Pianists on Saturday night were Chris Seresin, an original BLERTA member whose elegant and restrained keyboard playing is a joy always, and Dave Fraser, an old jazz hand and sessions man who took over from Chris later in the piece. Introduced as "one of the finest keyboard players in the country" — he is and has been for a long time.

That's the musical contingent producing the unique BLERTA sound, a mixture of Sonny Rollins, Jagger, Mingus, Zappa, Alan Price and Geoff Murphy, with Chris Seresin's waif-like etheral piano chiming from the spheres.
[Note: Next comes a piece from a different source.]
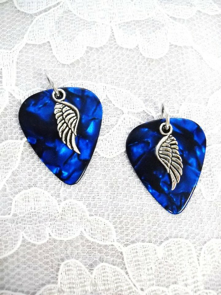 Angel Wing Charms on Deep Blue Guitar Picks and similar items
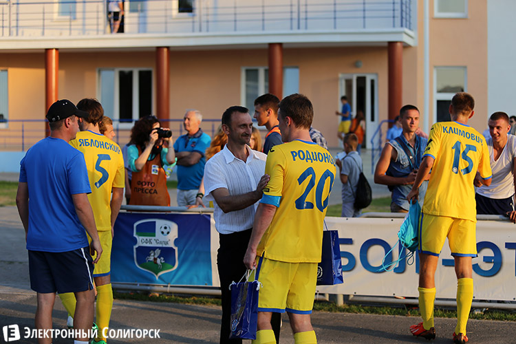 Виталий Родионов получил в нагрузку к голу и победе приз лучшего игрока матча, упакованный в синий фирменный пакетик ФК "Слуцк".

Geoff Murphy's magical 'Bicycle Song' ('everybody's got a bike inside them, yuppar duppa) and 'Mr Bankman'( both would make tremendous singles), Rick Bryant's splendid treatment of another BLERTA original 'This is the Life' and Bernie McGann's haunting and disquieting 'New Plymouth Rock' are some of the highlights.

On the other side of the BLERTA coin are Geoff Murphy's films (an added bonus on Saturday night was Martyn Sanderson's documentary of the filming of Ned Kelly, A Stone in the Bush, and the stage show including a brilliant little piece of Martyn Sanderson theatre incorporating elements of music hall and revue, with Sanderson as Frank Sapper, Royal Army Bomb Disposal Expert. It is somewhat ironical to see him in this context, at Downstage; he founded Downstage Theatre with Tim Elliott and Peter Bland in the Walkabout Coffee Bar on the site of the present Hannah Winn Playhouse. Sitting now in this superbly appointed theatre, in the almost too comfortable chairs, watching this fine actor who has pitched in his lot with the BLERTA life style and cheeky ethic, one reflects that whatever Downstage was, and what it has become, Martyn Sanderson is still fresh, original and very good, (descending from the ceiling as if he owned the place — really!).

Ian Watkin also is good in the role of the crazed super-villan The Hand, and particularly in the voice only charactersation of General Confusion, Frank Sapper's commanding officer — this is splendid stuff. His MCing though, leaves more to be desired. He doesn't have to apologise for BLERTA, they are superb, his introduction of the band by bodgie names is silly and does no credit to fine musicians who should be known in their own right, and finally he shouldn't try so hard to be outrageous, he doesn't "pull it off" to quote.

In the main though, if this sounds like a rave review, it is. The music, the laughs, the pace and the performance are spot on. The Downstage concerts augur a brilliant campus tour that should not be missed.